Input
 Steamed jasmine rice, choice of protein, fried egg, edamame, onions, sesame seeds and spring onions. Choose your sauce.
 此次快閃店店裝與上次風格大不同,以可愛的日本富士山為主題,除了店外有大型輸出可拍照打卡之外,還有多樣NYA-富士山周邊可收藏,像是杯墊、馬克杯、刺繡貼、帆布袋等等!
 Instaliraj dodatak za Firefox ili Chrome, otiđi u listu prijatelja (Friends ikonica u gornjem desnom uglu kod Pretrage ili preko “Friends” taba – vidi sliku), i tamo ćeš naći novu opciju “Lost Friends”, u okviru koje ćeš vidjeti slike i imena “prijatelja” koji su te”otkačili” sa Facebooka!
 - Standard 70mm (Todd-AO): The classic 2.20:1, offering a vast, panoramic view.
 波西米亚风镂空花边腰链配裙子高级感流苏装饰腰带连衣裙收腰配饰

---

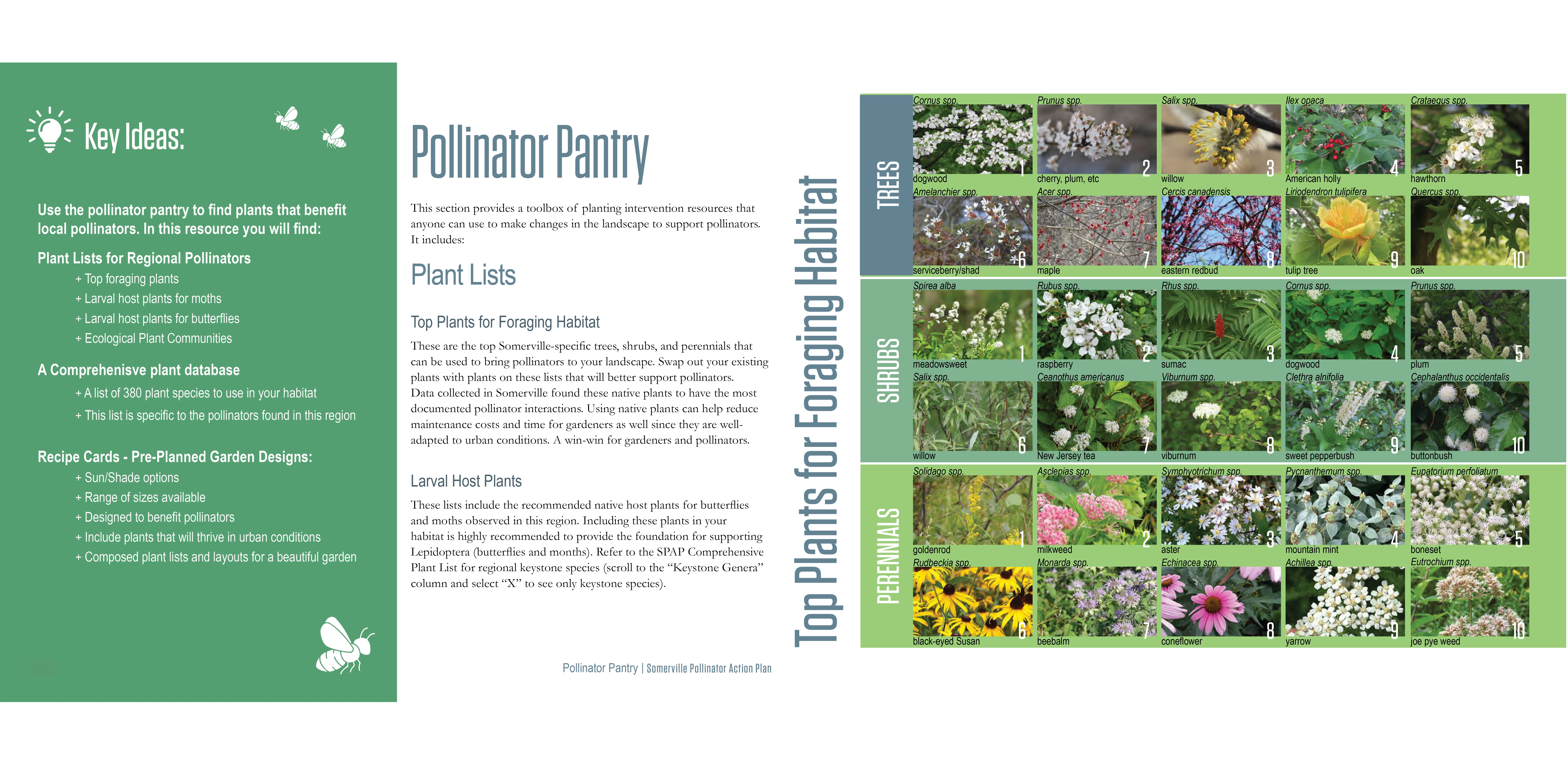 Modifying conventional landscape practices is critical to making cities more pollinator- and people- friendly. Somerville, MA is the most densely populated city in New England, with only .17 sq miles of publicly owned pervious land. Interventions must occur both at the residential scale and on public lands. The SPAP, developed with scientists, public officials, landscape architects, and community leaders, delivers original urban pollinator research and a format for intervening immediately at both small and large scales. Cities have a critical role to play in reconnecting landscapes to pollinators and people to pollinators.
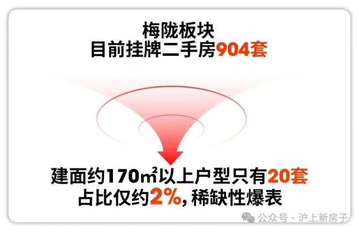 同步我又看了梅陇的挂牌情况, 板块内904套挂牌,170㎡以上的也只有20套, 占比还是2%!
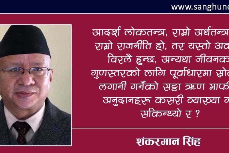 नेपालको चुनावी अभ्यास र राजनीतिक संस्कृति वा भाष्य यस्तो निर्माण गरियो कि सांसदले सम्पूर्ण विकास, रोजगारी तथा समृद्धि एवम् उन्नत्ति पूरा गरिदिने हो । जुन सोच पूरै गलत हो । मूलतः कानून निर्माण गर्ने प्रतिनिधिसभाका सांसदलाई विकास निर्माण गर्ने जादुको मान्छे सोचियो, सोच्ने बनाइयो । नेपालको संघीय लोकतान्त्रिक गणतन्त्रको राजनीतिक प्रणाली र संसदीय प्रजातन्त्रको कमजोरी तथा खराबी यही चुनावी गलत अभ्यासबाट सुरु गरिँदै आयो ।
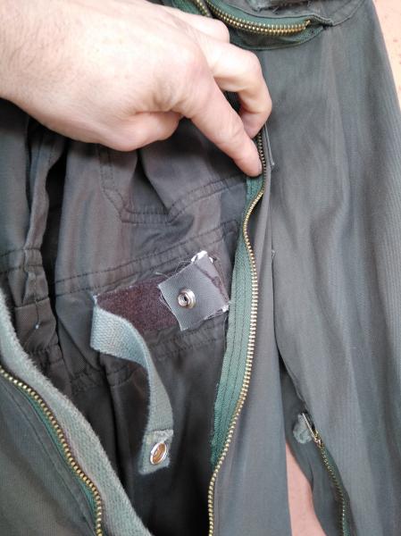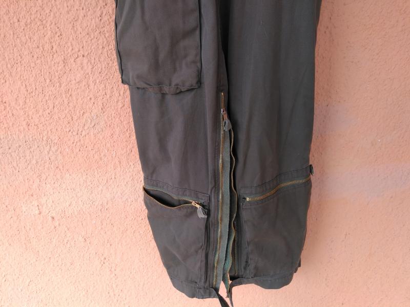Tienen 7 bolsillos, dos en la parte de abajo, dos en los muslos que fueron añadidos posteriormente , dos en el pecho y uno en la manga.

---

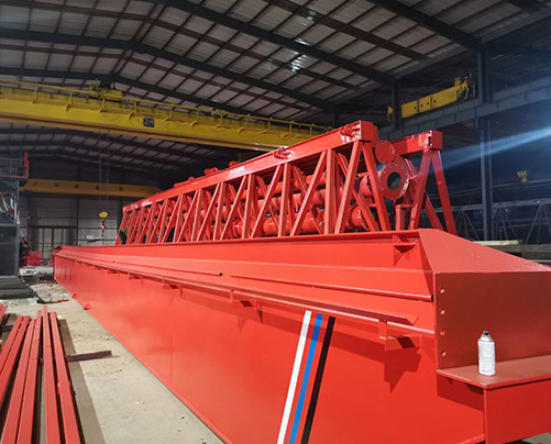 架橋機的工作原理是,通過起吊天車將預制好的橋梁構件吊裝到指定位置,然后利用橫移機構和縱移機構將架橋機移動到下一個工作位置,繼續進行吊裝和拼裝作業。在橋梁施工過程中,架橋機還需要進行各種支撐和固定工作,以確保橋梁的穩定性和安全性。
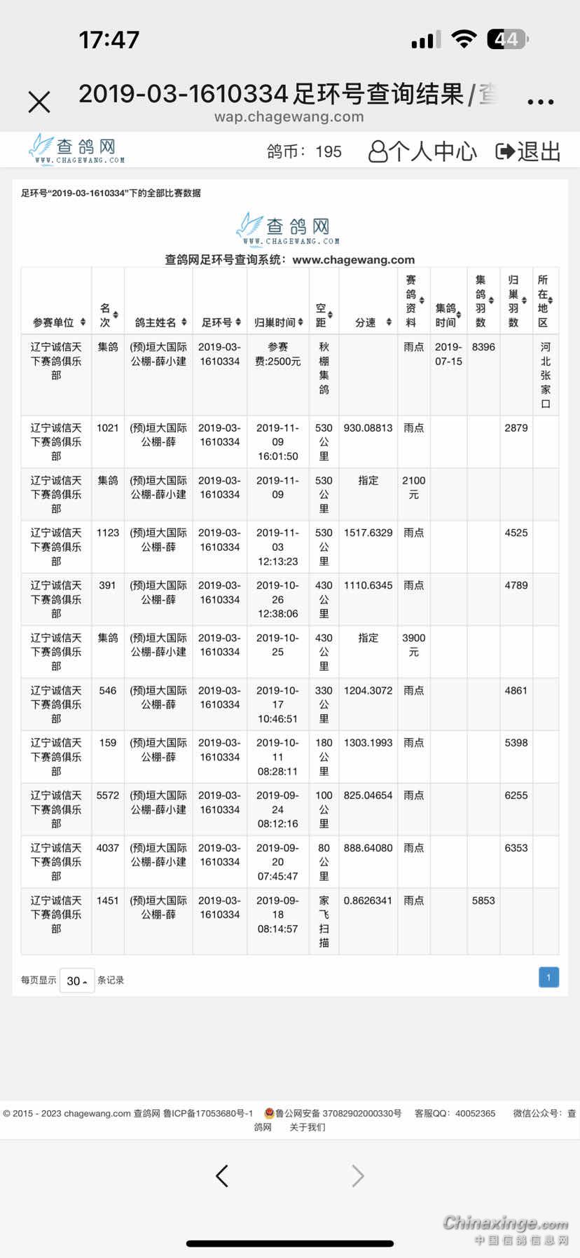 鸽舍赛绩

The problem
Write out exactly the lines above between the line with "Instaliraj dodatak za" and the line with "波西米亚风镂空花边腰链配裙子高级感流苏装饰腰带连衣裙收腰配饰", inclusive, and nothing beyond them.

Output
 Instaliraj dodatak za Firefox ili Chrome, otiđi u listu prijatelja (Friends ikonica u gornjem desnom uglu kod Pretrage ili preko “Friends” taba – vidi sliku), i tamo ćeš naći novu opciju “Lost Friends”, u okviru koje ćeš vidjeti slike i imena “prijatelja” koji su te”otkačili” sa Facebooka!
 - Standard 70mm (Todd-AO): The classic 2.20:1, offering a vast, panoramic view.
 波西米亚风镂空花边腰链配裙子高级感流苏装饰腰带连衣裙收腰配饰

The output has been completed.